Located on the ecliptic plane, Pisces is a constellation of the zodiac and one of the 48 original constellations listed by Ptolemy. Spanning approximately 889 square degrees of sky, Pisces ranks 14th in constellation size, despite its faint stars. It contains 21 main stars in its asterism and has 86 Bayer Flamsteed designated stars within its confines. Pisces is bordered by the constellations of Triangulum, Andromeda, Pegasus, Aquarius, Cetus and Aries. It can be seen by all observers located at latitudes between +90° and ?65° and is best seen at culmination during the month of February.
There is one annual meteor shower associated with Pisces which peaks on or about October 7 of each year. The Piscid meteor shower has a radiant near the Aries constellation and produces an average of 15 meteors per hour which have been clocked at speeds of up to 28 kilometers per second. As always, the meteoroid stream can begin a few days earlier and end a few days later than the expected peak and success on viewing depends on dark sky conditions.

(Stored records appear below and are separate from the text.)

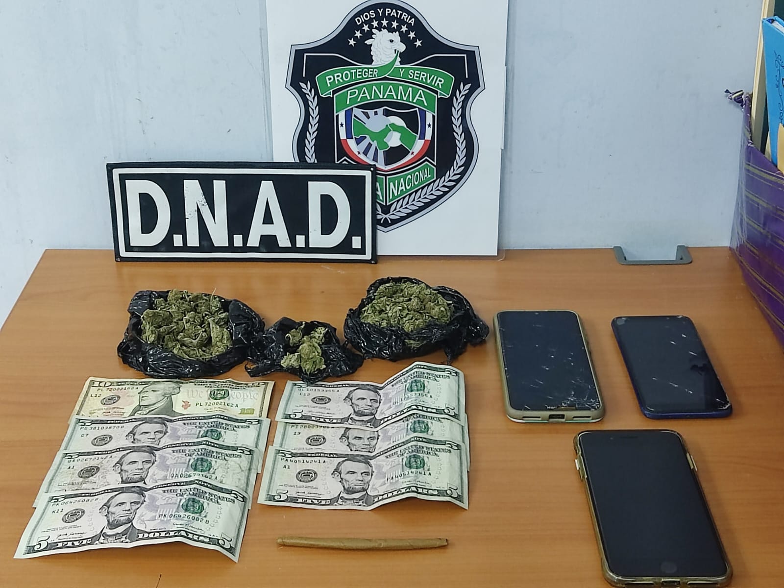 En la acción policial realizada en el corregimiento de José Domingo Espinar, Sector de Villa Lucre, los uniformados ubican 2 envoltorios de color negro contentivos de hierba seca presunta marihuana, 1 bolsita transparente contentiva de polvo blanco se presume sea cocaína, un cigarrillo de fabricación casera con posible sustancia ilícita, B/. 40.00 en efectivo, tres celulares y un vehículo.
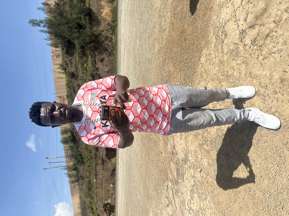 An adult male with dark complexion and short, textured dark hair stands facing the camera outdoors under clear blue skies in Lari/Kirenya ward, Kenya
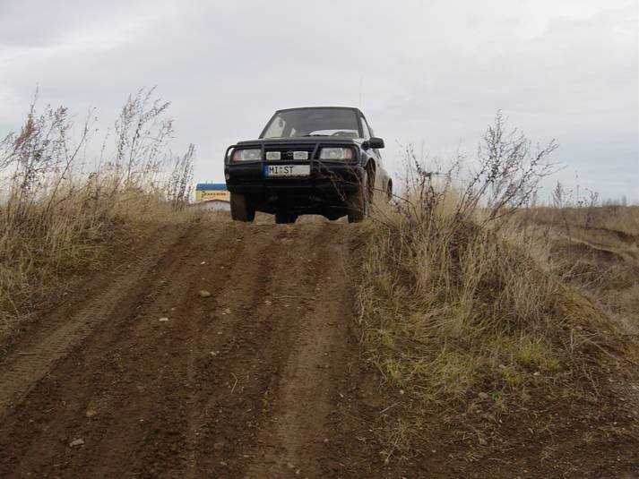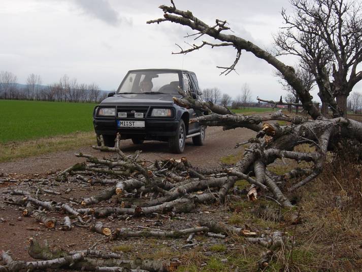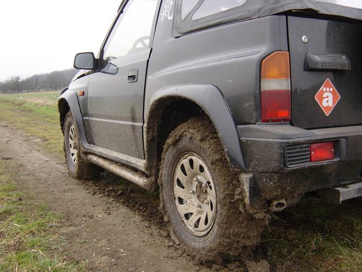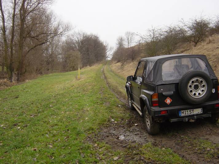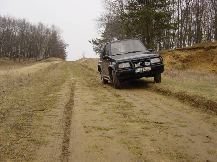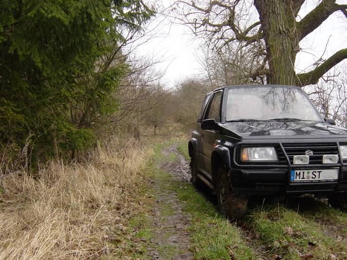 Im Dezember machen wir noch einen letzten kleinen Ausflug abseits der Straße. Wir finden ein paar schöne Feldwege und Zeit für einen Abstecher an den Harzring in Reinstedt. Laut der Zeitschrift Off Road 01/05 kann man dort ein wenig im Gelände toben. Zum Zeitpunkt unseres Besuches ist niemand an der Rezeption, aber das Areal ist offen. Wir drehen eine kleine Runde und stellen fest, dass sich ein Besuch lohnt. Hierher kommen wir später sicher nochmals wieder. Auf dem Gelände einer alten Kiesgrube befindet sich eine großzügige Outdoorkartbahn. Im Sommer finden hier auch Supermotorennen und ein 24 Stunden Moppedrennen statt. Für den Offroader findet man Auf- und Abfahrten, ein paar Schlammlöcher und andere Spielereien. Der Ursprung sieht nach Enduro aus - aber auch 4 WD gibt es viel zu entdecken. Auf dem weiteren Weg merken wir auch noch, dass unsere Winterreifen bei richtigem Schlamm nicht die beste Wahl sind. Trotzdem wühlt sich der Kleine ordentlich durch. Faszinierend ist die bessere Verschränkung mit den schmalen Reifen - die Räder tauchen voll in den Radhäusern ab. Jetzt gibt es drei Alternativen - entweder auch im Sommer bei den schmalen Reifen bleiben (sieht aber bescheiden aus und ich bräuchte neue Felgen), breiten Reifen und leichte Einschränkungen hinnehmen oder doch ein Bodylift. |

In mythology, the constellation of Pisces is represented by two fish bound together with a piece of string. According to one Greek myth, Pisces represents the fish into which Aphrodite and her son Eros transformed in order to escape the monstrous Typhon; they are tied together with a cord on their tails, to make sure they do not lose one another! Even more mythology states that Pan changed himself into a goat-fish (Capricorn) and jumped into the river to save them… Or perhaps it was a pair of fish which rescued them from the reeds along the river banks… Or maybe they were turned into eggs that were saved by the fish… One thing is for certain, somewhere along the line, the translation got lost – but the twin fish got left in the sky!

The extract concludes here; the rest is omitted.